GR 188952; (September, 2016) (Digest)
G.R. No. 188952 , September 21, 2016
PEÑAFRANCIA SHIPPING CORPORATION AND SANTA CLARA SHIPPING CORPORATION, PETITIONERS, VS. 168 SHIPPING LINES, INC., RESPONDENT.
FACTS
Respondent 168 Shipping Lines, Inc. applied with the Maritime Industry Authority (MARINA) Regional Office V for a Certificate of Public Convenience (CPC) to operate a vessel on the Matnog-Allen route. Petitioners Peñafrancia Shipping Corporation and Santa Clara Shipping Corporation, existing operators on the same route, intervened and opposed the application on grounds including failure to submit a required Certificate of Berthing, an impossible proposed schedule, and overtonnage. The MARINA Regional Office denied the application. Respondent appealed to the MARINA Administrator, who reversed the denial and granted the CPC. Petitioners’ motion for reconsideration was denied by the MARINA Officer-in-Charge, who was concurrently a DOTC Undersecretary.

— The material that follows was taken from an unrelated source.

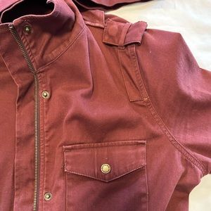 This coat is just a bit big on me now but I love it! Has four pockets on the front, cute solider straps on shoulders and a detachable hood. I also love it has an internal waist band so help show off curves! It’s awesome for fall being mostly cotton. I think it’s great as it covers your butt so sitting on a pile of hay during a hayride won’t get your jeans dirty! Originally received in a stitch fix box! Hope you love it!

Petitioners then filed a petition for review directly with the Court of Appeals under Rule 43 of the Rules of Court. The CA dismissed the petition, holding that petitioners failed to exhaust administrative remedies. The CA ruled that MARINA is an agency attached to the Department of Transportation and Communications (DOTC), and thus, the MARINA Administrator’s decision should have been appealed first to the DOTC Secretary and then to the Office of the President before resorting to judicial review.
ISSUE
Whether petitioners correctly filed a petition for review directly with the Court of Appeals under Rule 43, or whether they were required to first appeal the MARINA decision to the DOTC Secretary and the Office of the President.
RULING
The Supreme Court ruled that the CA erred in dismissing the petition. Petitioners correctly availed themselves of a direct appeal to the CA via Rule 43. The doctrine of exhaustion of administrative remedies was inapplicable. The legal logic is anchored on the nature of MARINA’s adjudicatory function and the applicable procedural framework.
First, the Court clarified that MARINA, in deciding CPC applications, acts as a quasi-judicial agency. Its decisions in such contested matters are final and executory, subject only to judicial review. This is explicitly provided under Section 10(e) of Republic Act No. 9295 and its Implementing Rules and Regulations (IRR), which state that any order, ruling, decision, or resolution of the MARINA Board or the MARINA Administrator on CPC matters may be appealed to the CA via a petition for review under Rule 43. The law provides a specific mode of appeal, which supplants the general rule on exhaustion under the Administrative Code.
Second, the Court distinguished between an agency’s quasi-judicial functions and its administrative or policy-making functions. The doctrine of exhaustion applies to decisions made in the exercise of administrative functions, where review by higher executive authorities is intended. However, when an agency like MARINA renders a decision in the exercise of its quasi-judicial or adjudicatory powers, as in this contested CPC proceeding, the decision is final within the executive department. The aggrieved party’s remedy is judicial review, not a further administrative appeal. The MARINA Administrator’s decision in this case was a final quasi-judicial determination, not a mere recommendation subject to DOTC or OP approval.
Consequently, petitioners were not required to appeal to the DOTC Secretary or the Office of the President. Their direct recourse to the CA via Rule 43 was proper. The case was remanded to the CA for substantive proceedings on the merits of the petition.